Logstash elasticsearch filter plugin 401 error

adityaPsl · October 13, 2019, 2:38am

Hello Team,

We are trying to use elasticsearch filter plugin,But we are getting 401 unauthorised error.
Since our elasticsearch is secured , In elasticsearch output section we have configured SSL, cacert, keystore, and keystore pasdeord, However, we couldn't find the keystore, keystore password options in filter. We don't have Basic Auth so we cannot use user and password paraters.

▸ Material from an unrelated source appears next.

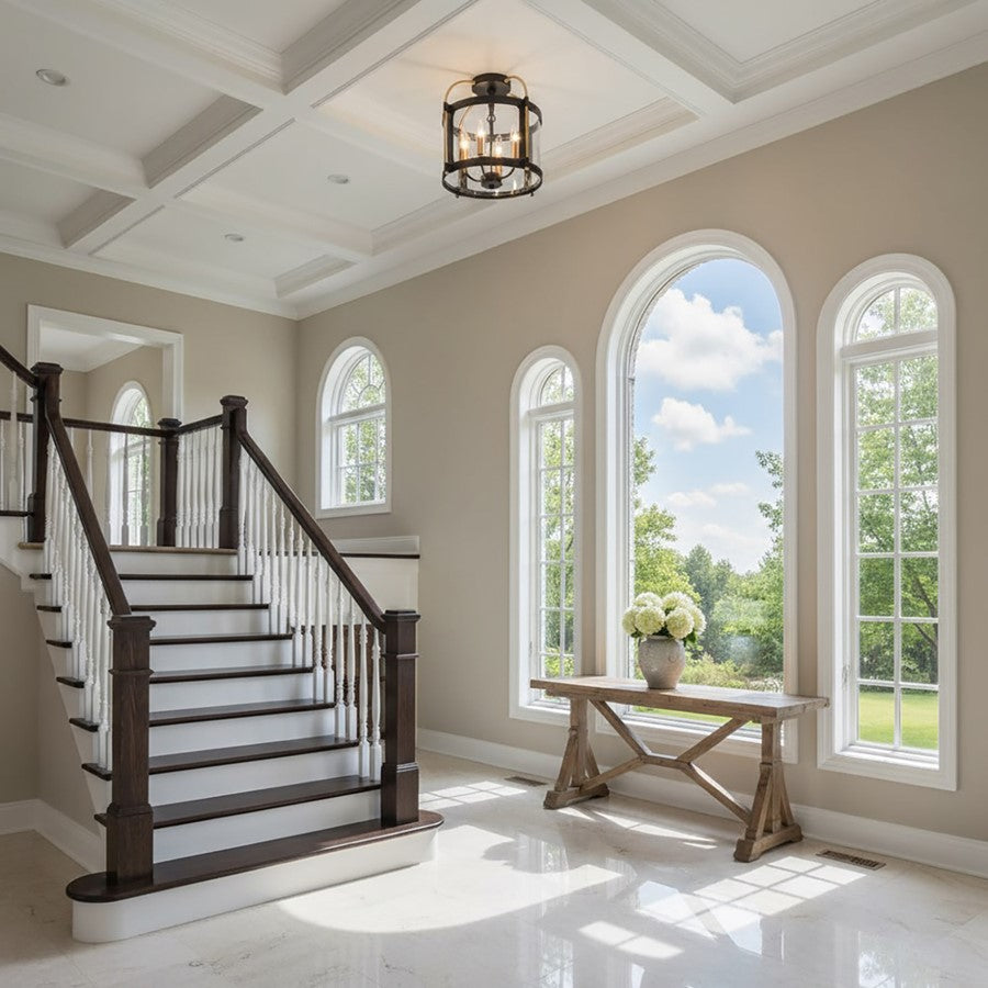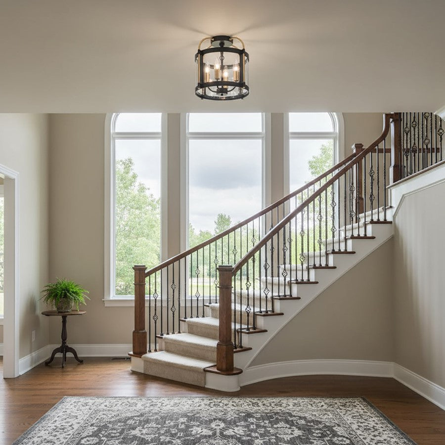 The Bonita Collection designed by Kevin Kraemer, features black frames with clear glassware and brass accents. The black metal frame provides a striking contrast to the warm brass accents, creating a visually stunning centerpiece for any space. Its intricate design, featuring a cage-like structure with glass panels, adds a touch of vintage charm while emitting a warm, inviting glow when lit. (4 lite Semi Flushmount shown)
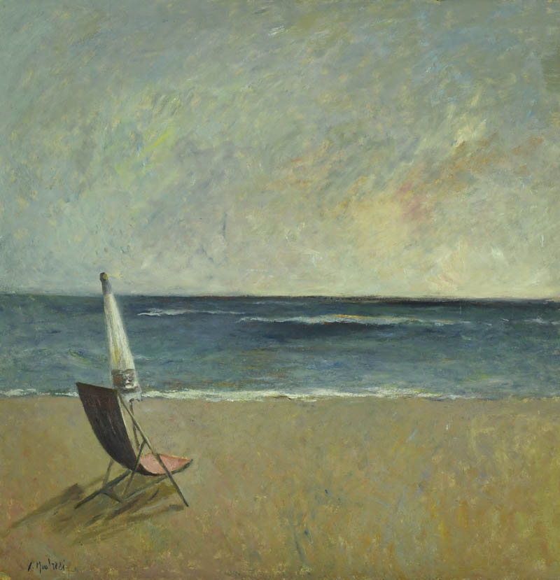 Giuseppe Manfredi (Seravezza (Lu) 1934 Montecatini Terme (Pt) 1987) Marina, Olio su cartone cm. 77x76,5. Firmato in basso a sinistra. Sul verso: timbro di provenienza.

Could you please help us understand how can we authenticate and use elasticsearch filter plugin,with security enabled for elasticsearch.

Thank you for your help and support.

Thank you,
Aditya

Christian_Dahlqvist · October 13, 2019, 4:27am

How have you secured the cluster if you do not have basic auth? As far as I know the Elasticsearch filter only supports basic auth although you might be able to use a proxy.

adityaPsl · October 15, 2019, 1:00pm

Hello Christian,
Thank you for your reply.

ELK version : 7.2.0

We tried to create new user with all privileges and Tried setting user and password I. Logstash. However we are getting 403 forbidden error.

Found similar issue : Logstash - Elasticsearch filter plugin with basic authentication

Any pointers to resolve the issue are really appreciated.

Thank you for your help and support.

Thank you,
Aditya

system · November 12, 2019, 12:59pm

This topic was automatically closed 28 days after the last reply. New replies are no longer allowed.